Auch wenn wir den Rest des Tages fasten, so wollen wir uns satt und leistungsfähig fühlen und unser Körper vergisst nie, dass Fastfood und Zucker nicht gut für uns sind. Auch nicht, wenn wir den restlichen Tag fasten.

Wenn Du Dein Fasten brichst, verzichte auf Fast Food, ernähre Dich stattdessen gesund und unterstütze Deinen Körper mit vitaler sowie nährstoffreicher Kost. 

#4 Luftige Lebensmittel

Luftige Lebensmittel

Wenn Du schon seit einiger Zeit 16/8 fastest, aber das Gefühl hast, im Spiegel würde sich nichts tun, dann könnte es auch daran liegen, dass Du zu viele Hülsenfrüchte isst. 

Hülsenfrüchte und blähende Lebensmittel sind zwar super gesund, aber bei manchen Menschen hinterlassen sie noch Tage nach dem Verzehr einen ordentlichen Blähbauch. 

Das ist nicht schlimm, denn sobald die Luft raus ist, reguliert sich alles wieder. 
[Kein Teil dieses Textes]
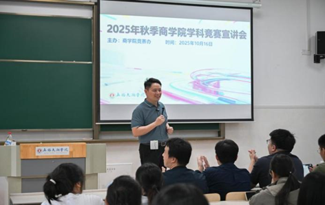 近日,由商学院主办的“2025年秋季学科竞赛宣讲会”于商科楼B106与108教室顺利举行,标志着三大赛事的正式启动,分别为:全国高校商业精英挑战赛品牌策划竞赛校赛、“正大杯”全国大学生市场调研大赛校赛,以及“挑战杯”中国大学生创业计划竞赛院赛。本次活动吸引了约三百余名师生及企业代表到场,现场座无虚席,师生参赛热情高涨,气氛热烈。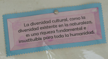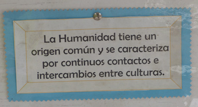 Dans la cour, il y a un panneau sur l’interculturalité avec des messages invitant à prendre en compte les différences culturelles dans la construction d’une humanité pacifique et ouverte sur les autres et leurs différences. La diversité des cultures est comparée à la diversité que l’on rencontre dans la nature, comme une richesse à découvrir plus que comme un obstacle.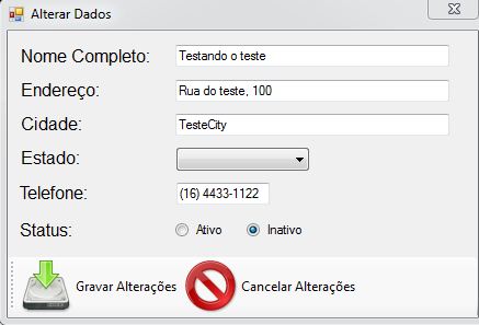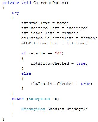 Para não perdemos tempo, exibo abaixo as imagens dos métodos importantes desse form, o AlterarDados e CarregarDados (que é chamado no evento Load do form), o primeiro responsável por realizar o UPDATE no banco (método praticamente igual ao de gravar clientes) e o segundo responsável por exibir os valores preenchidos nos controles, como você viu na imagem acima:

Sollte aber Abnehmen Dein Ziel sein und es bisher nicht geklappt haben, solltest Du mal versuchen auf: 

  • Hülsenfrüchte (Bohnen, Erbsen, Linsen, usw.)
  • Sprudelwasser (lieber stilles)
  • Milchprodukte (Quark, Joghurt, Milch)
  • Hefe
  • sehr fettiges Fleisch

zu verzichten. 

Geht es nun besser voran? 

Dann minimiere den Konsum dieser Lebensmittel langfristig. 

#5 Süße Getränke

Fasten Süße Getränke

Das Fasten betrifft nicht nur das Essen, denn auch bei den Getränken gibt es einige Vorgaben. 

Während der Fastenphase solltest Du ausschließlich klare Flüssigkeiten zu Dir nehmen, die nicht den Blutzucker beeinflussen. 

Denn sobald dieser einmal hochschnellt, ist der bald kommende Hunger vorprogrammiert. 

Süße Getränke oder Getränke mit Geschmack beeinflussen den Blutzucker und stoppen damit die Fastenphase. 

Es finden also ab dem Moment keine Recyclingprozesse und Aufräumarbeiten mehr statt. 

Außerdem wirst Du mit Hunger zu kämpfen haben. Das gilt aber auch beim Fastenbrechen. 

Süße Getränke haben sehr viele Kalorien und können durch das Trinken super schnell aufgenommen werden. 

Verzichte daher lieber auf süße Getränke und greife grundsätzlich lieber zum Wasser (egal ob still oder sprudelig), Tee und Kaffee. 

Fazit

Fasten Fazit

In einem sind sich die Wissenschaft und die Fastenden definitiv einig: Es funktioniert und bringt tolle Effekte mit sich. 

Wichtig ist nur, dass man es richtig anstellt. 

Falls es bei Dir also bisher mit dem 16/8 nicht richtig funktionieren wollte, so wirst Du vielleicht eins der 5 schlechten Lebensmittel regelmäßig zu Dir genommen haben. 

Wenn Du noch gar nicht mit dem Fasten begonnen hast, werden Dir diese Fehler gar nicht erst passieren – super!

Aber eins steht fest: Du solltest umgehend damit beginnen. 

Viel Spaß mit Deiner neuen Leistungsfähigkeit und beim Abnehmen!